Why Some Elders Really Are Getting Better With Age

A study of over 1,000 senior citizens found that higher levels of resilience and lower levels of depression were most associated with those who considered themselves to have “successfully aged.”

What’s the Latest Development?

Researchers at the University of California-San Diego and Stanford University surveyed over 1,000 adults with a mean age of 77 years to discover what it meant to age “successfully.” It evaluated the subjects’ physical health as well as other health markers, including their own assessment of their overall health.

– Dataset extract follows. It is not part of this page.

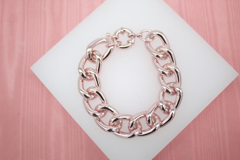 18K Gold Filled Pink Chunky Thick Curb Cuban Link Chain Bracelet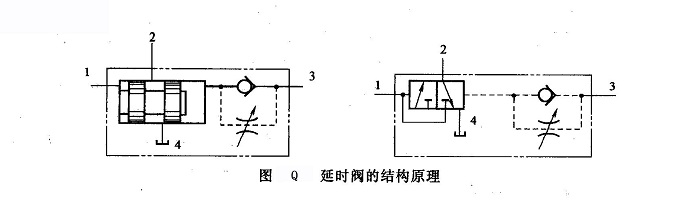 圖Q所示為延時閥的結(jié)構(gòu)原理。它由單向節(jié)流閥和二位三通液動換向閥組成。當(dāng)油口1通人壓力油時,閥芯向右運(yùn)動,將其右端油腔中的油液經(jīng)節(jié)流閥排出后,油口1、2才能接通。故油口1和2是延時接通的。調(diào)節(jié)節(jié)流閥開口的大小,就改變了油口1和2延時接通的時間。

Subjects who gave themselves high marks for successful aging tended to exhibit characteristics associated with “higher education, better cognitive function, better perceived physical and mental health, less depression, and greater optimism and resilience.” 

What’s the Big Idea?

Resilience and resistance to depression were the two key factors, according to the researchers. “[P]eople with low physical functioning but high resilience [had] self-ratings of successful aging similar to those of [physically] healthy people with low resilience. Likewise, the self-ratings of individuals with low physical functioning but no or minimal depression had scores comparable to those of physically healthy people with moderate to severe depression.” Principal study investigator Dilip V. Jeste says that these findings suggest that more attention be paid to seniors’ mental health as the population grows: “Perfect physical health is neither necessary nor sufficient.”